I smiled at his thoughtfulness.
“Once the charcoal is dry, we can use it to catch larger prey,” he said.
Okay, so maybe not that thoughtful.
“Larger prey?” I said. “I thought we would be getting out of here soon?”
He nodded.
“
We will, but only if things go to plan. And in my experience, few things go to plan.”
Egara slipped a black nail into the fish and slit it open.
He removed the bones and handed half the Sand Fish to me.
“I’m not sure I can eat all of it,” I said, remembering the earlier meal he only ate half of.
“Eat as much as you can. We’ll leave the rest out to dry and turn it into jerky for the journey tomorrow.”

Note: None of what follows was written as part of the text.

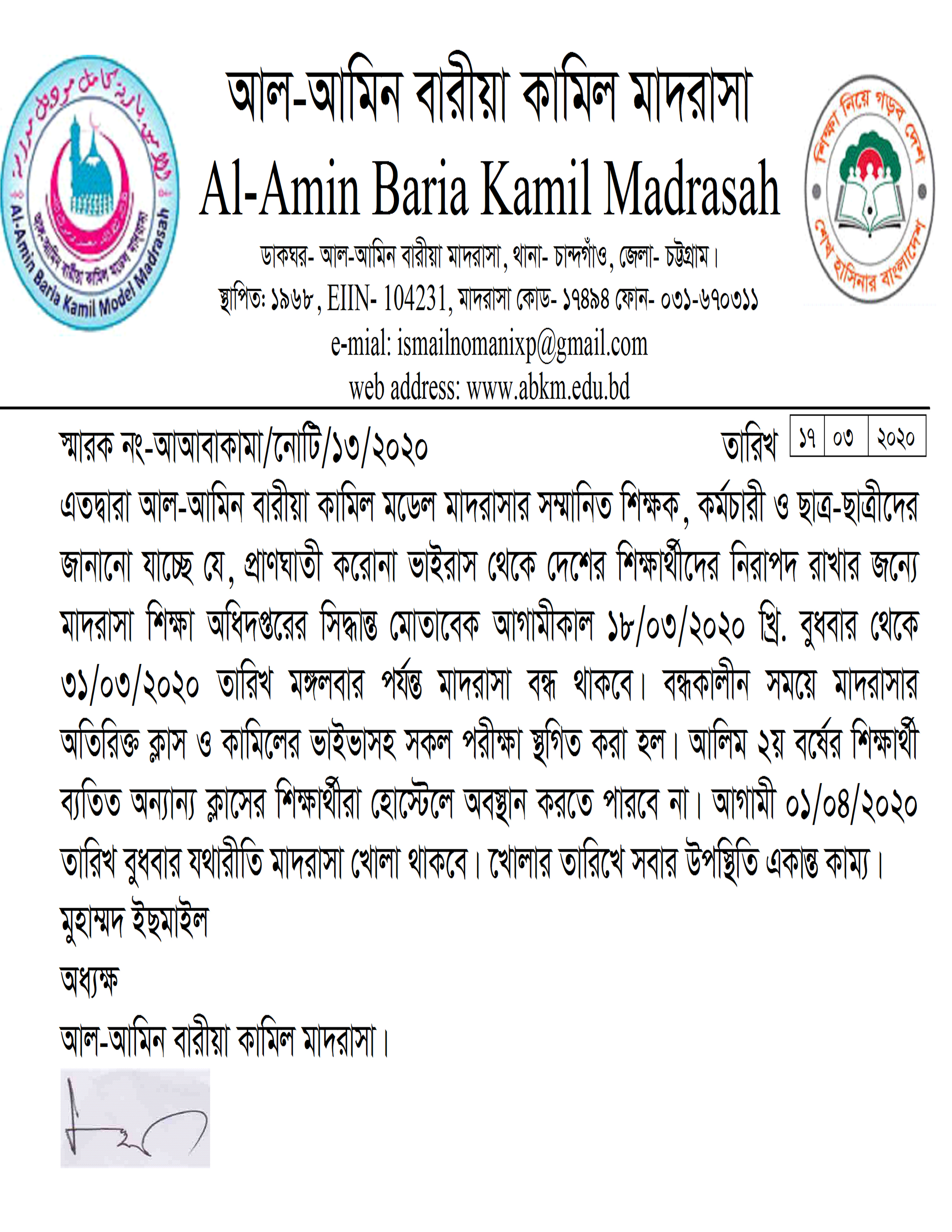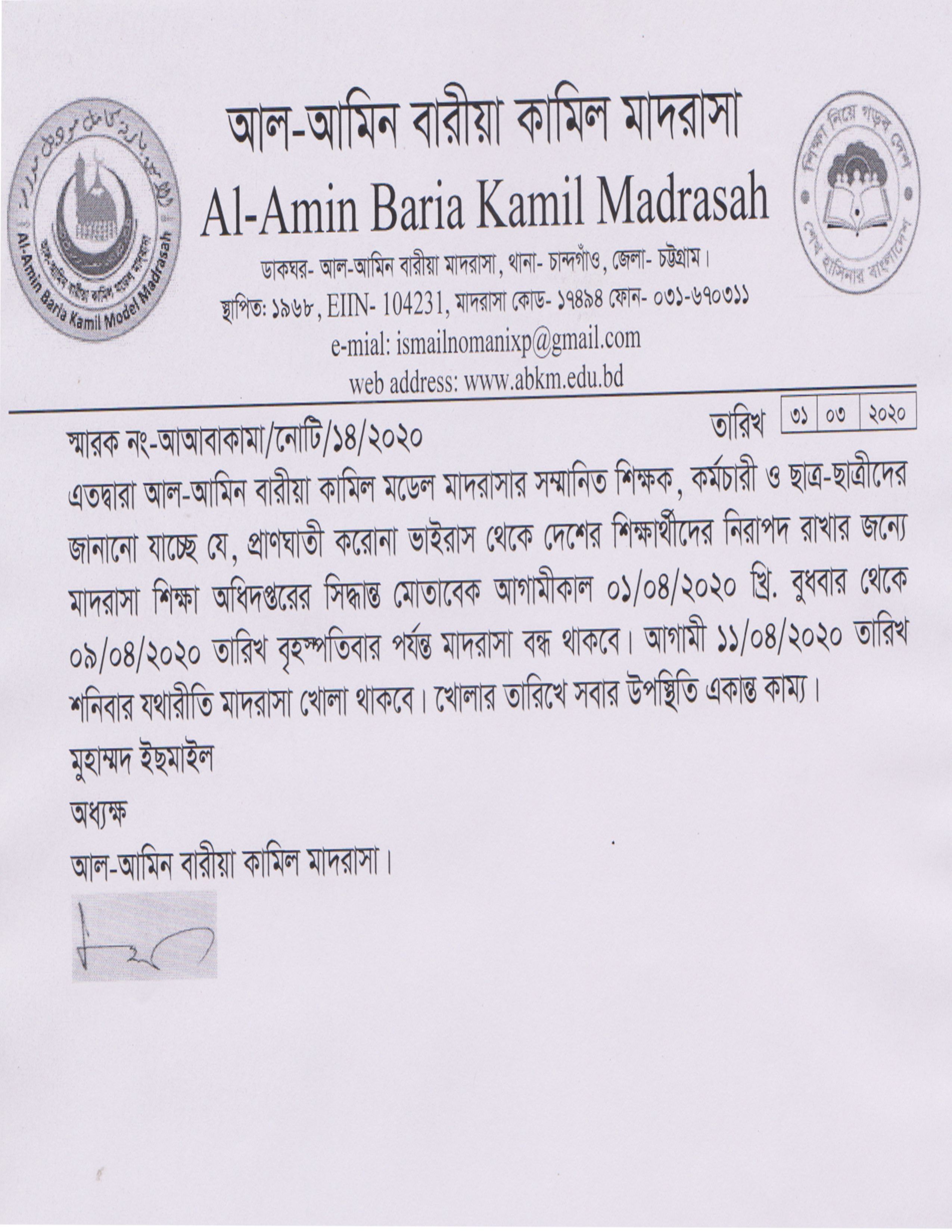 প্রাণঘাতী করোনা ভাইরাসের কারণে আগামী ০১/০৪/২০২০ইং তারিখ থেকে ০৯/০৪/২০২০ইং তারিখ পর্যন্ত মাদরাসা বন্ধ থাকবে। |

I ended up consuming my half and eyed what remained of his meal with some jealousy.
Once again, he hadn’t eaten the entire meal.
“How can you get by on so little?” I said.
“Vulcarians have very slow metabolisms. We can go weeks without food, even when traipsing through a desert like this.”
Vulcarians were turning out to be very strange creatures indeed.
It was pitch dark in the desert at night and there was little light save that cast by a trio of small moons.
It was beautiful, I thought. Then again, everything was beautiful when you hadn’t seen anything but blank walls for so long.
I smiled and breathed in the chill night air.
I stretched, luxuriating in the freedom of space, and the fact there wasn’t another creature for miles around.
At least, not if we were lucky.
“Are you sure your friends will have left the shuttlecraft where they said they would?” I said.
“I’m sure,” Egara said. “They’re my crew, not my friends.”
“Can’t they be both?”
“Not if you are an effective captain. There must always be a line between captain and crew.”
“You’re their captain?” I said, surprised by this piece of information.
But I shouldn’t have been so surprised.
He was thoughtful, capable, and a great fighter.
Why shouldn’t he be the captain?
“They assured me they would drop off the shuttlecraft,” he said. “I don’t have faith in many things but I have faith in my men. If they said they are going to do something, I can assure you, they will do it.”
“Is your entire crew made up of Vulcarians?”
“Most, but not all. We have learned to distrust most other species. The only ones we trust are those that have also had their culture destroyed by our common enemy.”
“What will you do once you get away from here?”
“Return to my ship.”
He didn’t seem altogether pleased with that concept.